徐爱是最为尊敬王阳明先生的一个人,也是最笃信先生学问的弟子。
正德八年(1513)春天,王阳明先生42岁,在越中居住。
王阳明起初打算到家之后就与徐爱同游天台雁**山水,但由于家人和乡亲的牵绊缠身而被耽搁下来。
到了五月末,王阳明与徐爱等数友相约,等候黄绾未至,于是几个人从上虞入四明山,观白水,寻龙溪之源;登杖锡,至雪窦,上千丈岩,以望天姥之华顶,他们打算于此地取道奉化至赤城,然恰逢长久干旱,山野天地都龟裂不堪,众人惨然,都闷闷不乐,于是又从宁波一同回到余姚。
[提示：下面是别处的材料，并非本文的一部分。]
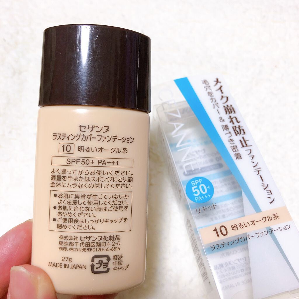 CEZANNEラスティングカバーファンデーション00明るいベージュ系¥748普段はノーファンデ民だったんですが、最近シミや赤みなど気になるところが増えてきて、肌全体を均一にカバーしたいなと思い使ってみました!カバー力は強すぎるわけではなく、自...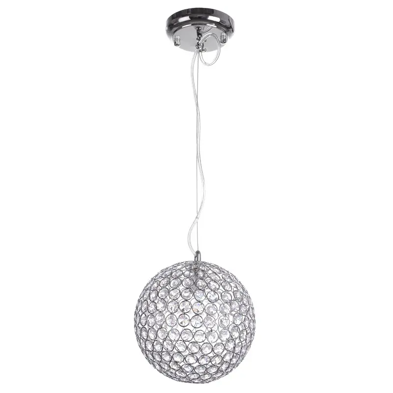 Люстра для кухни подвесная BR-01 386S/1 E14 CH сконструирована в виде сферы, подвешенной к потолку на металлической струне. Сфера состоит из большого количества крупных стеклянных прозрачных граненых стразов, которые зафиксированы на тонком проволочном хромированном каркасе. Высоту люстры можно устанавливать в зависимости от параметров интерьера. Внутри сферы находится один патрон под тип цоколя E14. Свет люстры преломляется в гранях стразов и создает фантастическое сияние. Это могут быть лампы накаливания, светодиодные или энергосберегающие. Светодиодные лампы отличаются качественным светом и экономным потреблением электроэнергии. Вешать такую люстру можно как в жилых помещениях, так и в залах кафе и ресторанов. Высота осветительных приборов с легкостью регулируется, ее можно изменить, подняв или опустив цепь, веревку или трос. Таким образом люстра будет висеть на большей или меньшей высоте в зависимости от ваших предпочтений. Высота осветительных приборов легко регулируется, ее можно изменить, подняв или опустив цепь, веревку или трос. Таким образом люстра будет висеть на большей или меньшей высоте в зависимости от ваших предпочтений.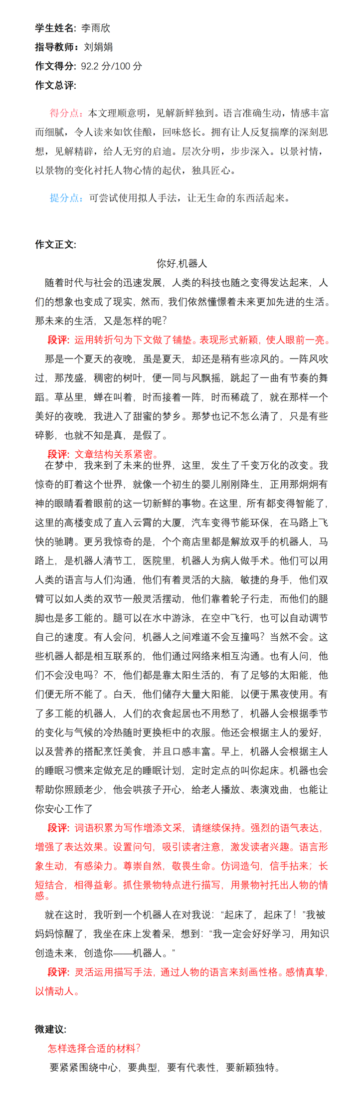 文笔自然清新,抓住了未来机器人“智能”这一特点展开描写,始终以“梦”贯穿全文。语言准确,形象具体,仿佛机器人就在眼前,结尾直抒胸臆,可见写作功底之深,佳作!

黄绾以书迎王阳明先生,王阳明先生在回信中写道:“和诸位朋友一起的这次旅行,我有一些心得,但是没有大的体悟。其中最让我觉得遗憾的是黄宗贤没能同行。年轻的后辈们习气已深,虽有美好品质,但是却逐渐消失殆尽。此事正如浪里淘沙,会有见金时,但眼下暂时却还不能得到。”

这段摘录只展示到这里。